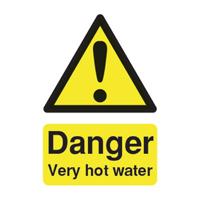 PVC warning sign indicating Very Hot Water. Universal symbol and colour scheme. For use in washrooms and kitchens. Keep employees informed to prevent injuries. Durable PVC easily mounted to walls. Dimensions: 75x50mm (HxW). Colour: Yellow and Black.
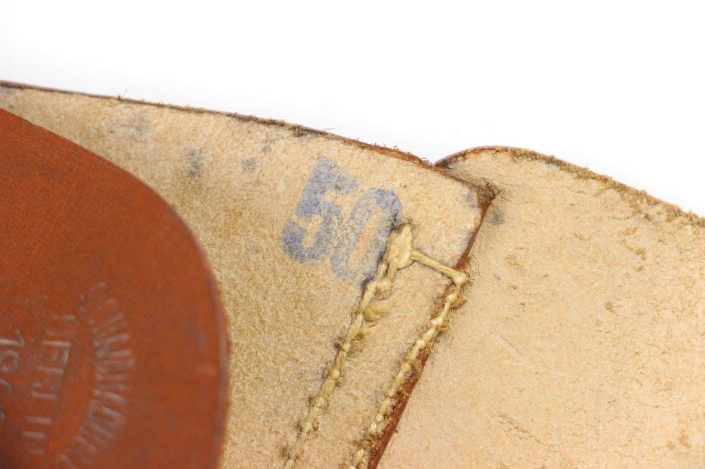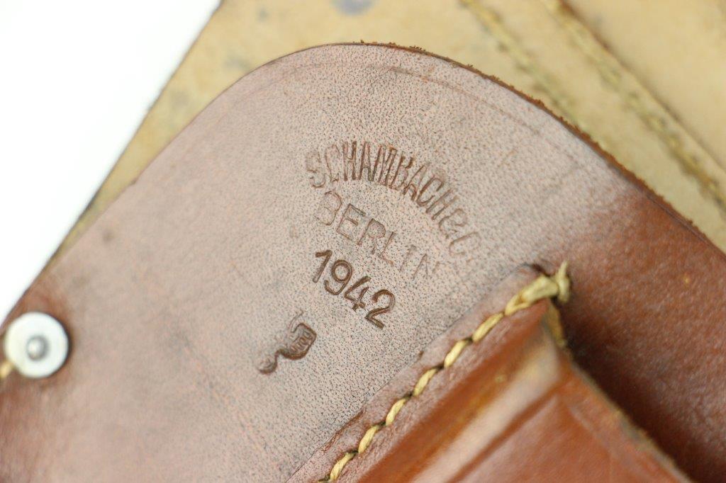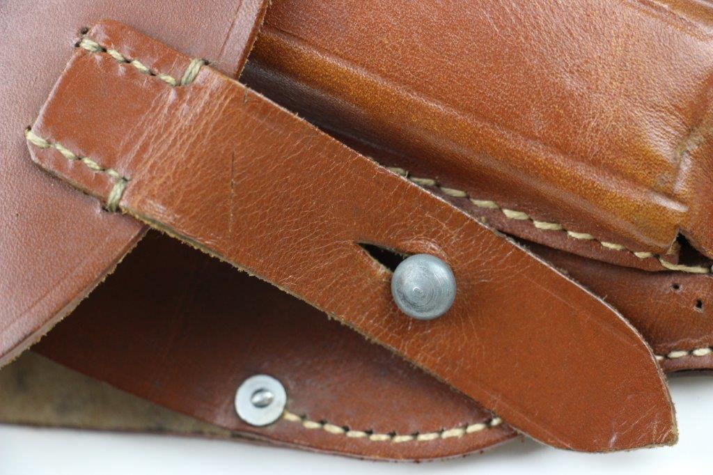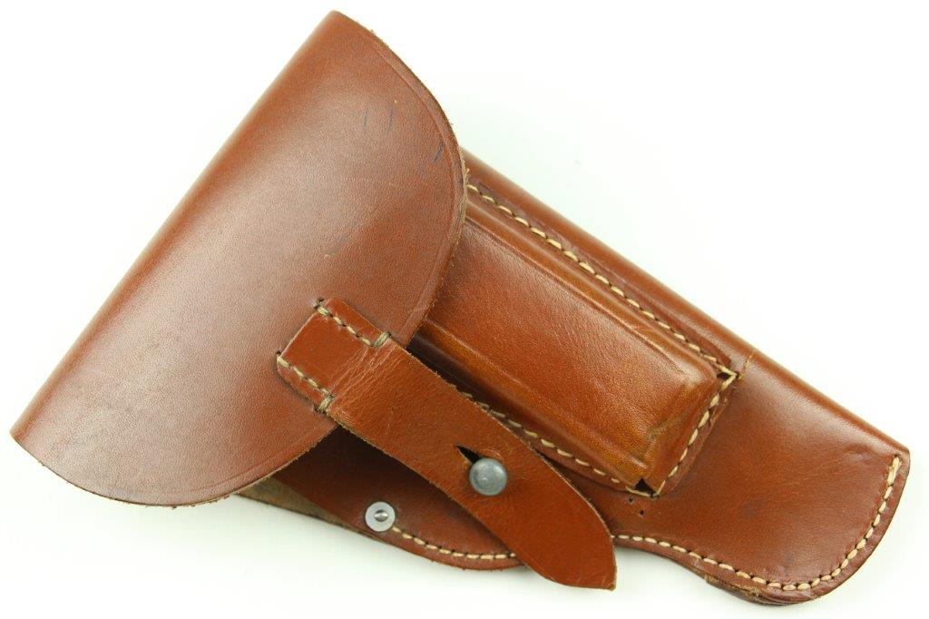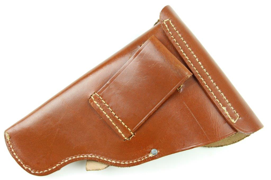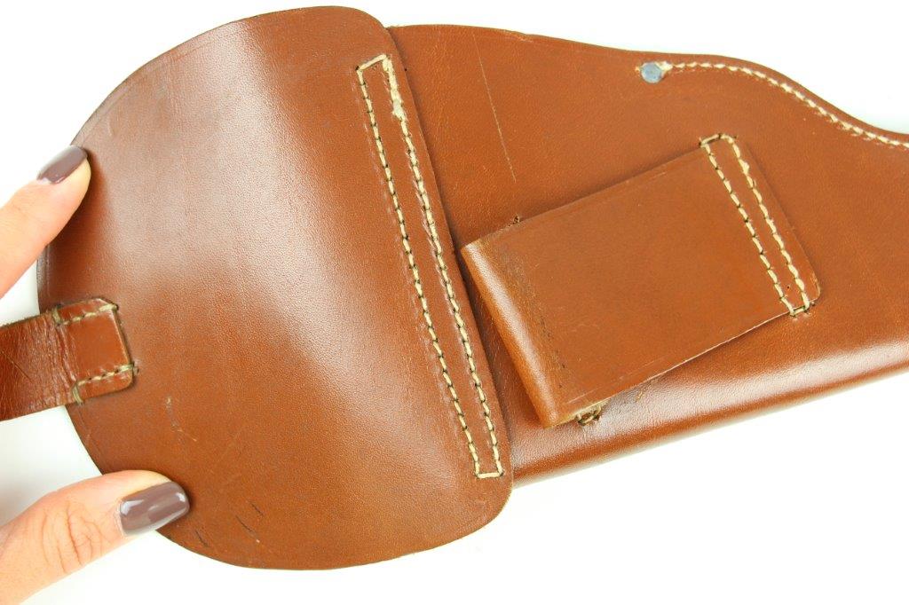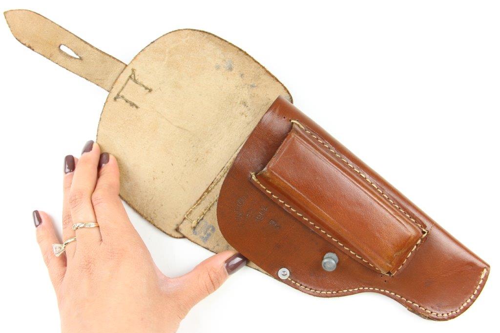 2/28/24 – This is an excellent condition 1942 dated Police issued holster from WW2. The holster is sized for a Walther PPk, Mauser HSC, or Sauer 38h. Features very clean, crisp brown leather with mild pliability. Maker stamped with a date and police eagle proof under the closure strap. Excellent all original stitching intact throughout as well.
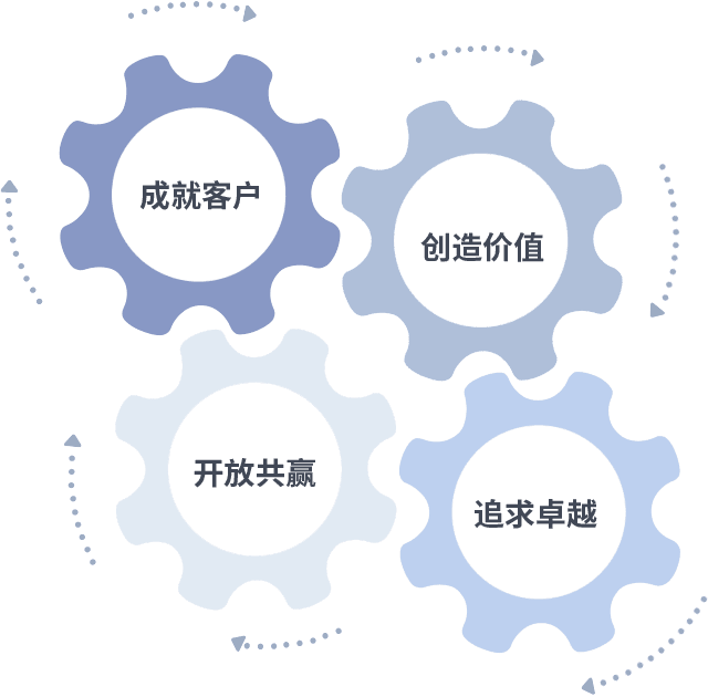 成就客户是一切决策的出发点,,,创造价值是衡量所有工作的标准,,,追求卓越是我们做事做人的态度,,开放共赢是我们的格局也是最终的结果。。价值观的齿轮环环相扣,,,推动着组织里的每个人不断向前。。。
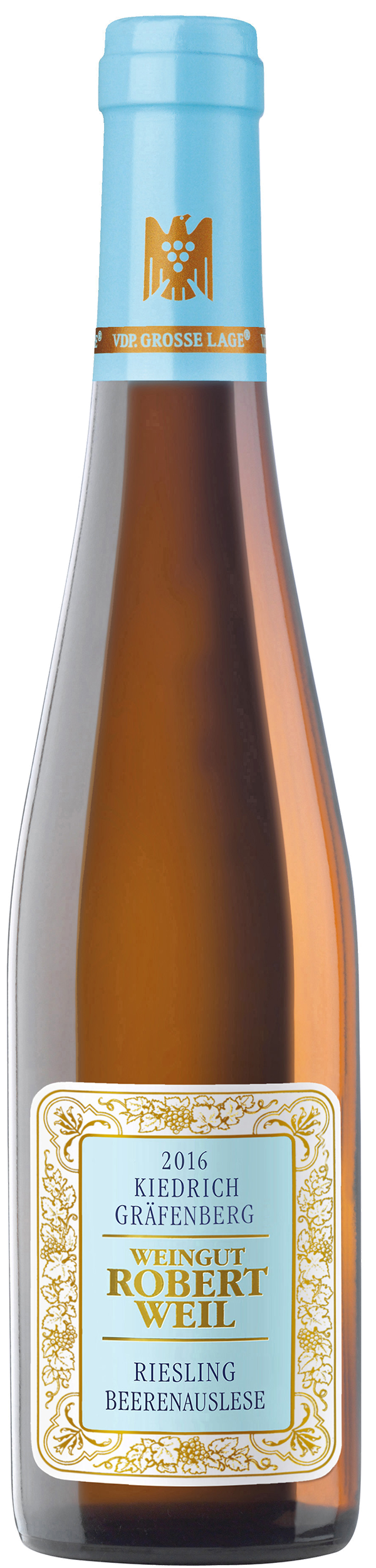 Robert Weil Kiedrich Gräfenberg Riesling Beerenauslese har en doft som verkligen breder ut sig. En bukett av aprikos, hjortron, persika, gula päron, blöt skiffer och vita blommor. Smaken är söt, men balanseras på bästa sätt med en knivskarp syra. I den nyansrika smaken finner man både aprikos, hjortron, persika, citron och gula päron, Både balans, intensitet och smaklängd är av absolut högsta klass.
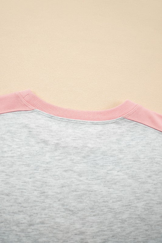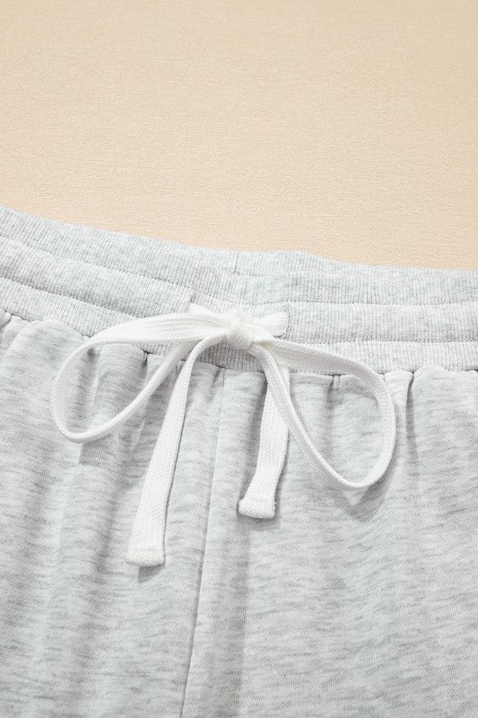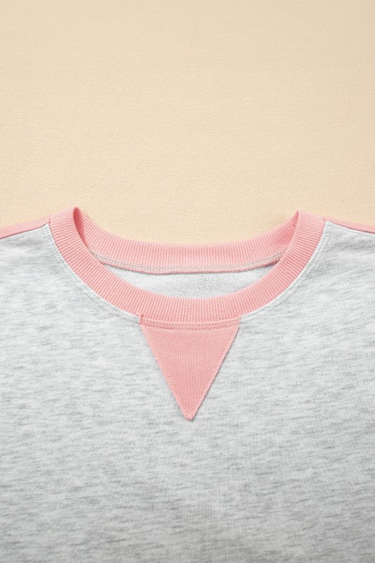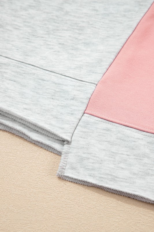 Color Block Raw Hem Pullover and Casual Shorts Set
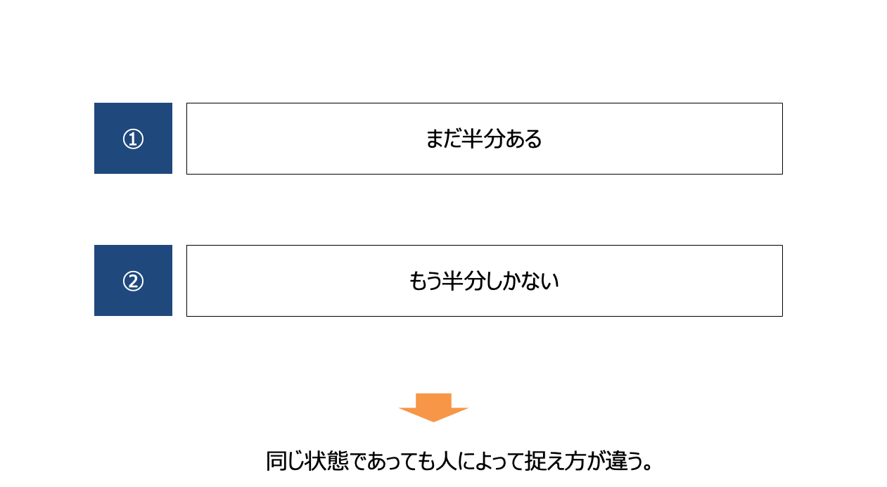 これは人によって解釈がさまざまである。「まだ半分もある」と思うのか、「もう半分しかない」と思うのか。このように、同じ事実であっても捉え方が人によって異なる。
▬▬▬▬▬▬
ACTIVITY >> Print exactly the first line of the entries and every line after it through the one that contains "成就客户是一切决策的出发点,,,创造价值", leaving the pictures out.

ANSWER FOR THE TASK >>
 PVC warning sign indicating Very Hot Water. Universal symbol and colour scheme. For use in washrooms and kitchens. Keep employees informed to prevent injuries. Durable PVC easily mounted to walls. Dimensions: 75x50mm (HxW). Colour: Yellow and Black.
 2/28/24 – This is an excellent condition 1942 dated Police issued holster from WW2. The holster is sized for a Walther PPk, Mauser HSC, or Sauer 38h. Features very clean, crisp brown leather with mild pliability. Maker stamped with a date and police eagle proof under the closure strap. Excellent all original stitching intact throughout as well.
 成就客户是一切决策的出发点,,,创造价值是衡量所有工作的标准,,,追求卓越是我们做事做人的态度,,开放共赢是我们的格局也是最终的结果。。价值观的齿轮环环相扣,,,推动着组织里的每个人不断向前。。。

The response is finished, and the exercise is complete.